The scatterplot suggests that customers who spend more time on the website tend to make higher purchases. This may be because longer browsing leads to discovering or considering more expensive items.

# Question 5

*PLOT INSTRUCTIONS:*
- Create a new variable called "tax_season" to divide the year into two categories: January - April is "tax_season" and May - December is "off_season".
- Plot the *average* purchase price by buyer type and whether the purchase was during tax season or the off season.
- Add error bars to show 95% Confidence Intervals around the means.

*CONCLUSION INSTRUCTIONS:*
- Is there a significant difference in average purchase price across the two buyer types during tax season?
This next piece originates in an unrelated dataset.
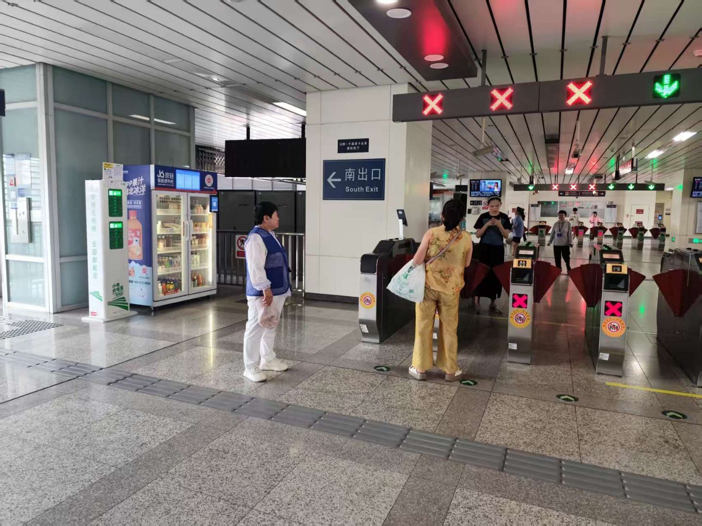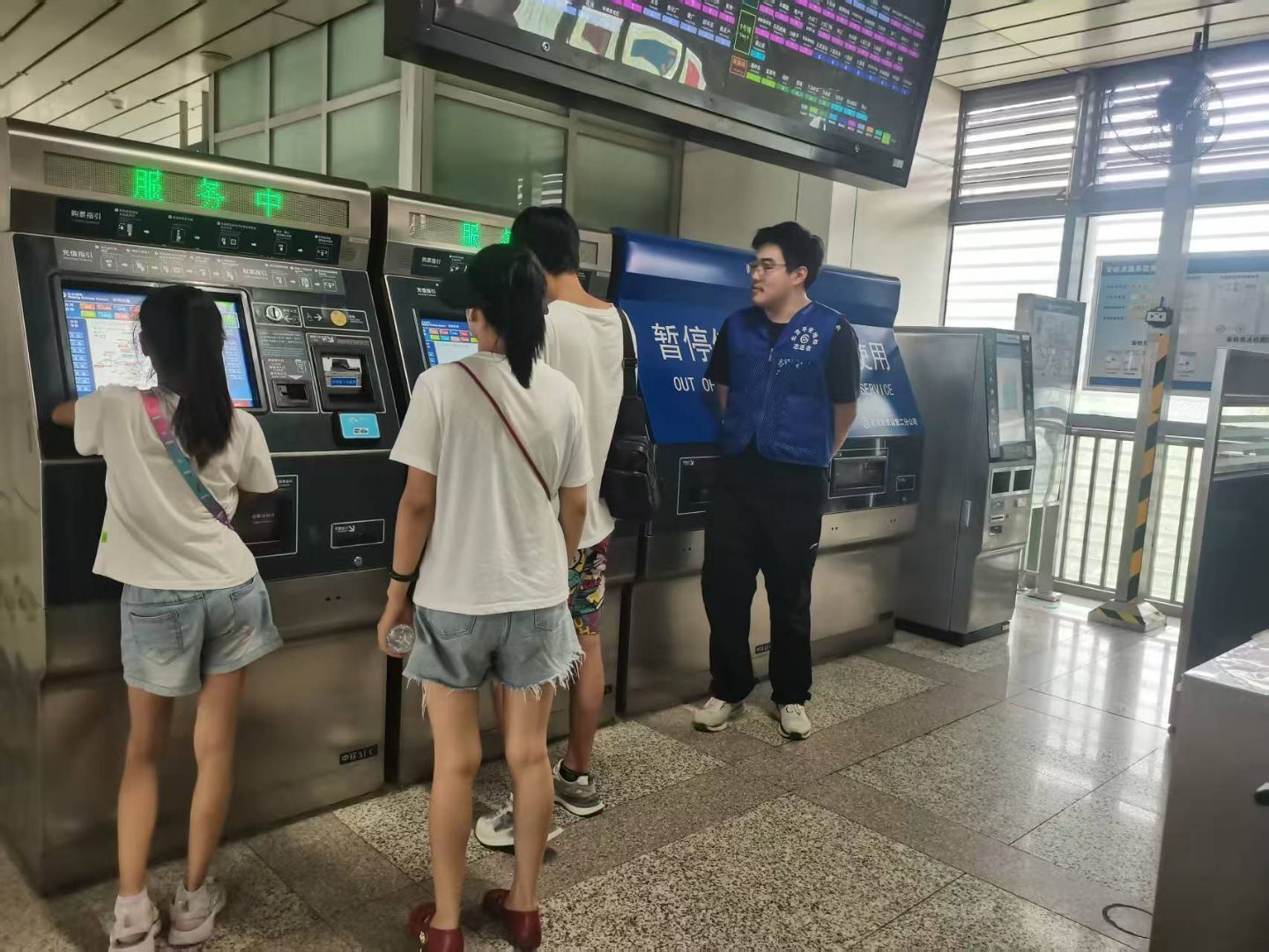 活动期间,志愿者们身着统一服装,分散在地铁站的各个关键位置。在自动售票机旁,志愿者们耐心地为不熟悉购票流程的乘客提供帮助,指导他们操作机器,解答关于线路、票价等问题。

What about during the off season? How do you know?
Note: DO NOT run a statistical test. Answer based on the plot.

## Q5 Code

```{r}
set.seed(123)
n <- 100
data <- data.frame(
  Date = sample(seq(as.Date("2024-01-01"), as.Date("2024-12-31"), by = "day"), n, replace = TRUE),
  BuyerType = sample(c("Consumer", "Business"), n, replace = TRUE),
  PurchasePrice = sample(50:500, n, replace = TRUE)
)

library(dplyr)
library(ggplot2)
library(lubridate)

data <- data %>%
  mutate(
    MonthNum = month(Date),
    tax_season = ifelse(MonthNum %in% 1:4, "tax_season", "off_season")
  )

summary_data <- data %>%
  group_by(BuyerType, tax_season) %>%
  summarise(
    MeanPrice = mean(PurchasePrice),
    SD = sd(PurchasePrice),
    n = n(),
    .groups = 'drop'
  ) %>%
  mutate(
    CI_lower = MeanPrice - 1.96 * (SD / sqrt(n)),
    CI_upper = MeanPrice + 1.96 * (SD / sqrt(n))
  )

ggplot(summary_data, aes(x = BuyerType, y = MeanPrice, fill = tax_season)) +
  geom_bar(stat = "identity", position = position_dodge()) +
  geom_errorbar(aes(ymin = CI_lower, ymax = CI_upper),
                width = 0.2, position = position_dodge(0.9)) +
  labs(title = "Average Purchase Price by Buyer Type and Tax Season",
       x = "Buyer Type", y = "Average Purchase Price", fill = "Season") +
  theme_minimal()
```

## Q5 Conclusion

The error bars overlap for both buyer types in each season, so there’s no clear difference in average purchase price between consumers and businesses during tax season or the off season.